É assim que o movimento histórico se desenrola, não entre nós, mas no Ocidente.
M. Tikhomírov não tem nenhuma "concepção" da vida social deste Ocidente, se
bem que se tenha ocupado com a "observação da poderosa civilização francesa".
Transformações pela violência, "torrentes de sangue machados e patíbulos,
pólvora e dinamite, são "tristes fenômenos". Mas que fazer, já que são
inevitáveis? A força sempre desempenhou o papel de parteira, cada vez que uma
nova sociedade vem ao mundo. Assim falava Marx, e ele não era o único a pensar
desta maneira. O historiador Schlosser estava convencido de que é unicamente "a
ferro e fogo" que se efetuam as grandes transformações nos destinos da
humanidade. Donde vem esta triste necessidade? De quem é a culpa?
Pois então o poder da verdade. Não pode tudo abarcar sobre esta terra?

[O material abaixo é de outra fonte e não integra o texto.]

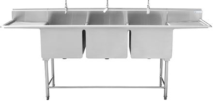 Fregadero de 3 Tanques con Dos Escurrideros 18″x18″x12″

Não, no momento ainda não tudo! E a razão está na diferença existente entre os
interesses das diferentes classes da sociedade. Para uma destas classes é útil, e
mesmo indispensável, refazer de certa forma a estrutura das relações sociais. Para
outra é proveitoso, e mesmo indispensável, opor-se a tal refazer. A uns ele
promete felicidade e liberdade; a outros o presságio da abolição de sua situação
privilegiada e mesmo sua supressão enquanto classe privilegiada. E qual é a
classe que não luta por sua existência, que não tem instinto de conservação. O
regime social proveitoso a uma dada classe lhe parece não apenas justo, mas
também o único possível. Essa classe considera que tentar mudar de regime é
destruir os fundamentos de toda comunidade humana. Ela se considera chamada a
defender estes fundamentos, mesmo que seja pela força das armas. Donde as
"torrentes de sangue", donde a luta e as violências.
Por outro lado, os socialistas, meditando sobre a transformação social a vir,
podem consolar-se com a idéia de que quanto mais as doutrinas "subversivas" se
difundem, mais a classe operária será desenvolvida, organizada e disciplinada,
menos a inevitável "catástrofe" necessitará de vítimas.
Ao mesmo tempo, o triunfo do proletariado, colocando fim à exploração do
homem pelo homem e portanto à divisão da sociedade em classe de exploradores
e classe de explorados, tornará as guerras civis não apenas inúteis mas também
diretamente impossíveis. A humanidade progredirá então unicamente pelo "poder
da verdade" e não terá mais necessidade do argumento das armas.